PROBLEM DESCRIPTION: Skip the images and repeat every entry word for word.

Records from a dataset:
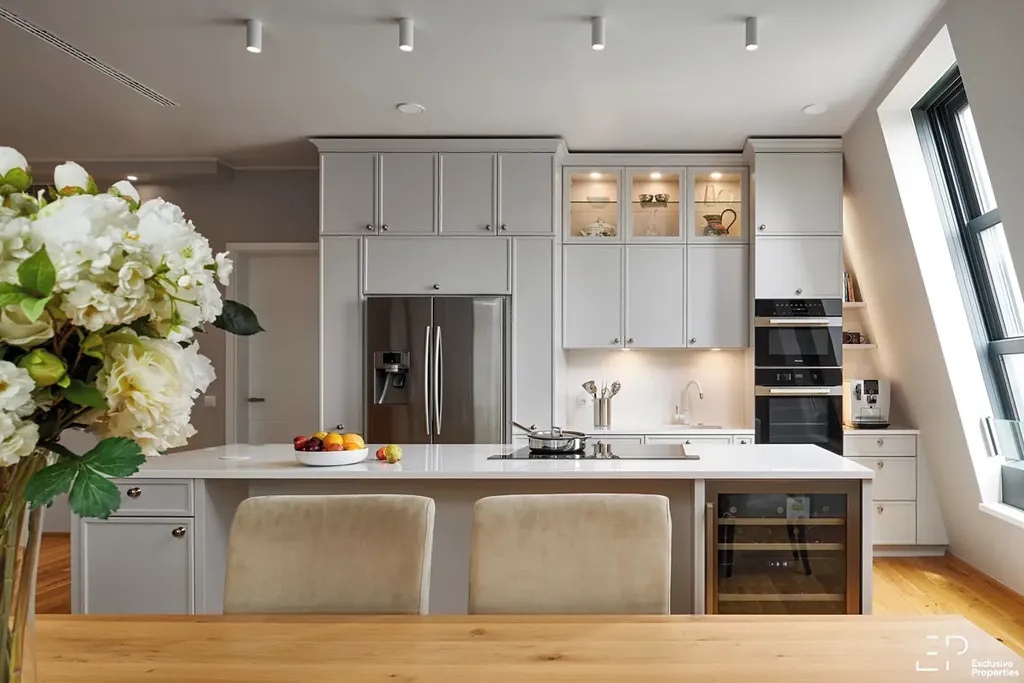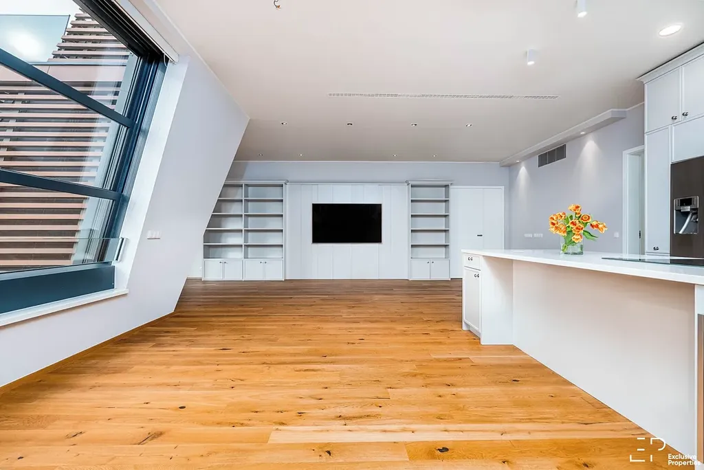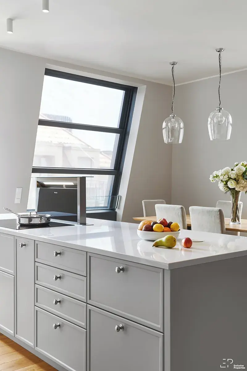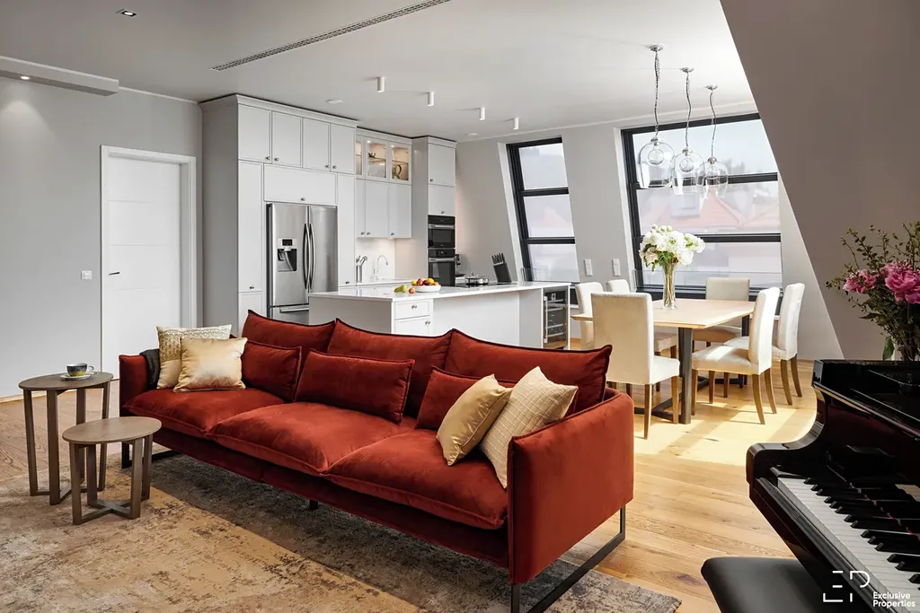 Dominantou bytu je prosvětlený, velkorysý, obývací prostor s kuchyní a jídelní částí (62m2), který plynule navazuje na jižně orientovanou terasu (12,8m2). Propojení interiéru s exteriérem vytváří harmonické prostředí pro každodenní život i chvíle odpočinku. Interiérový vestavěný nábytek je zde kompletně realizován na míru s důrazem na detail, funkčnost a čistotu designu – vše od společnosti Hanák. Knihovna s TV stěnou v obývací místnosti a kuchyňská linka ve světle šedivé barvě jsou v kuchyni doplněny bílou deskou (Technistone), čímž vzniká jednotný a nadčasový vizuální koncept. Samozřejmostí jsou spotřebiče Miele s elektricky vyjíždějící digestoří a vinotéka.
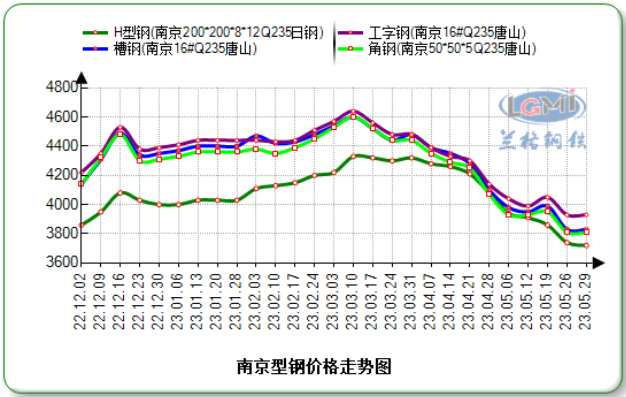 南京市场为例,5#角报价3810,较上一交易日价格持稳,16#槽报价3830,较上一交易日价格持稳,16#工字钢报价3930,较上一交易日价格持稳,H200*200报价3720,较上一交易日价格持稳。(以上报价工角槽为过磅含税价格,H型钢为国标检尺价格)
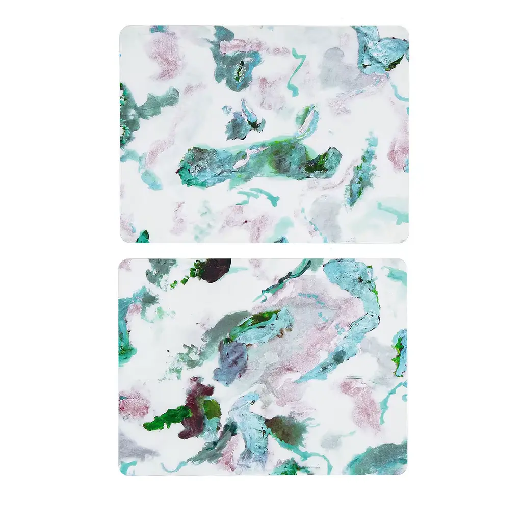 This sophisticated set of two polyester organza tablemats and coordinated linen napkins features an abstract motif handpainted by Luisa Longo directly to the table. A pleasant peach-peel feel enriches the stunning purple-and-green mottled pattern, offered in different cuts of the wide original motif. Resistant to abrasions, heat, and stains, the mats are also flexible and easy to wash.
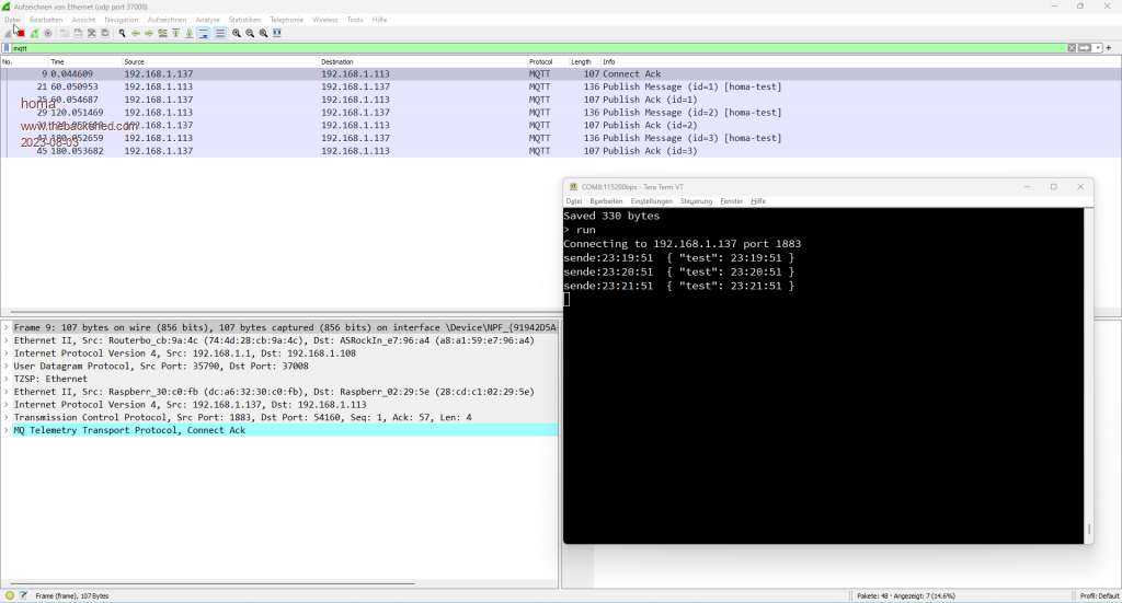 Unfortunately I don't see this in Wireshark! My little test programme: WEB mqtt close WEB mqtt connect "192.168.1.137", 1883, "mqtt", "*******" SetTick 60000,mymqtt Dim test$ ' Do Loop ' Sub mymqtt test$=Time$ Print "sende:";test$, value$="{ "+Chr$(34)+"test"+Chr$(34)+": "+test$+" }" WEB mqtt publish "homa-test",value$ Print value$ End Sub At 60 seconds, everything looks good ... ![]() I don't see a keep-alive signal after 180 seconds ... Instead, the system tells me that the connection has been closed. ![]() Edited 2023-08-03 07:41 by homa |
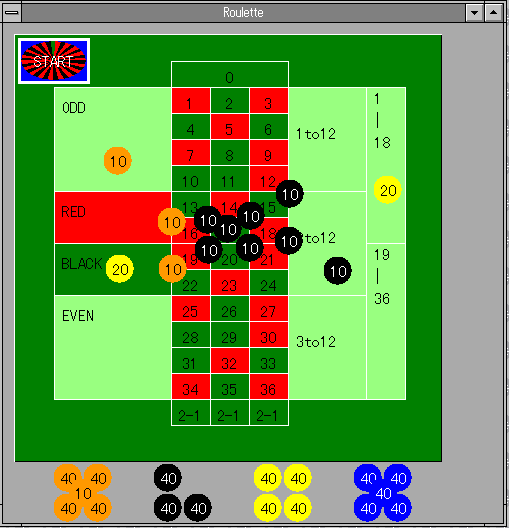 [START]ボタンを押すと、ルーレットが表示され、
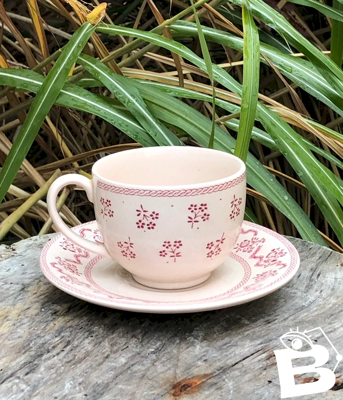 Tasse et soucoupe rose clair England Johnson Brothers modèle Petite Fleur en très bon état , discrètes rayures d usage au fond de la tasse Hauteur tasse 6,5 cm Diamètre tasse 8,5 cm Diamètre soucoupe 14,5 cm...
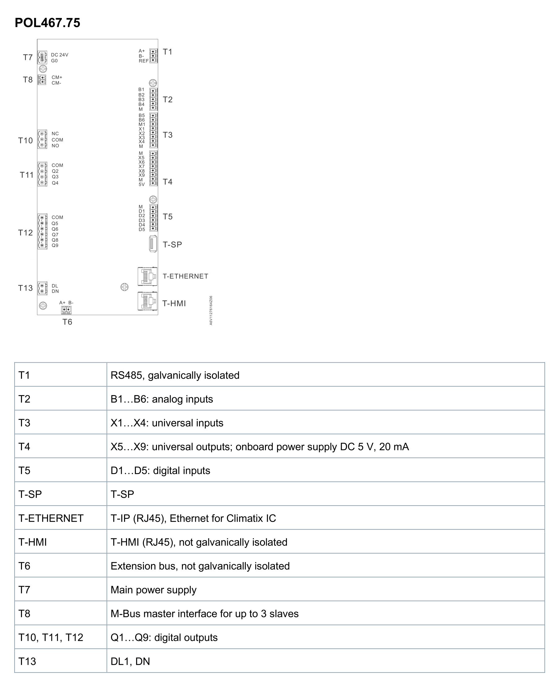 POL467.75/STD - Climatix POL467.75/STD HVAC controller; 24 VDC; 30 I/O incl 2 stepper outputs; RS485; Modbus, BACnet, JSON; USB; no real time clock, no clock reserve; PCB

YOUR SOLUTION:
 Dominantou bytu je prosvětlený, velkorysý, obývací prostor s kuchyní a jídelní částí (62m2), který plynule navazuje na jižně orientovanou terasu (12,8m2). Propojení interiéru s exteriérem vytváří harmonické prostředí pro každodenní život i chvíle odpočinku. Interiérový vestavěný nábytek je zde kompletně realizován na míru s důrazem na detail, funkčnost a čistotu designu – vše od společnosti Hanák. Knihovna s TV stěnou v obývací místnosti a kuchyňská linka ve světle šedivé barvě jsou v kuchyni doplněny bílou deskou (Technistone), čímž vzniká jednotný a nadčasový vizuální koncept. Samozřejmostí jsou spotřebiče Miele s elektricky vyjíždějící digestoří a vinotéka.
 南京市场为例,5#角报价3810,较上一交易日价格持稳,16#槽报价3830,较上一交易日价格持稳,16#工字钢报价3930,较上一交易日价格持稳,H200*200报价3720,较上一交易日价格持稳。(以上报价工角槽为过磅含税价格,H型钢为国标检尺价格)
 This sophisticated set of two polyester organza tablemats and coordinated linen napkins features an abstract motif handpainted by Luisa Longo directly to the table. A pleasant peach-peel feel enriches the stunning purple-and-green mottled pattern, offered in different cuts of the wide original motif. Resistant to abrasions, heat, and stains, the mats are also flexible and easy to wash.
 Unfortunately I don't see this in Wireshark! My little test programme: WEB mqtt close WEB mqtt connect "192.168.1.137", 1883, "mqtt", "*******" SetTick 60000,mymqtt Dim test$ ' Do Loop ' Sub mymqtt test$=Time$ Print "sende:";test$, value$="{ "+Chr$(34)+"test"+Chr$(34)+": "+test$+" }" WEB mqtt publish "homa-test",value$ Print value$ End Sub At 60 seconds, everything looks good ... ![]() I don't see a keep-alive signal after 180 seconds ... Instead, the system tells me that the connection has been closed. ![]() Edited 2023-08-03 07:41 by homa |
 [START]ボタンを押すと、ルーレットが表示され、
 Tasse et soucoupe rose clair England Johnson Brothers modèle Petite Fleur en très bon état , discrètes rayures d usage au fond de la tasse Hauteur tasse 6,5 cm Diamètre tasse 8,5 cm Diamètre soucoupe 14,5 cm...
 POL467.75/STD - Climatix POL467.75/STD HVAC controller; 24 VDC; 30 I/O incl 2 stepper outputs; RS485; Modbus, BACnet, JSON; USB; no real time clock, no clock reserve; PCB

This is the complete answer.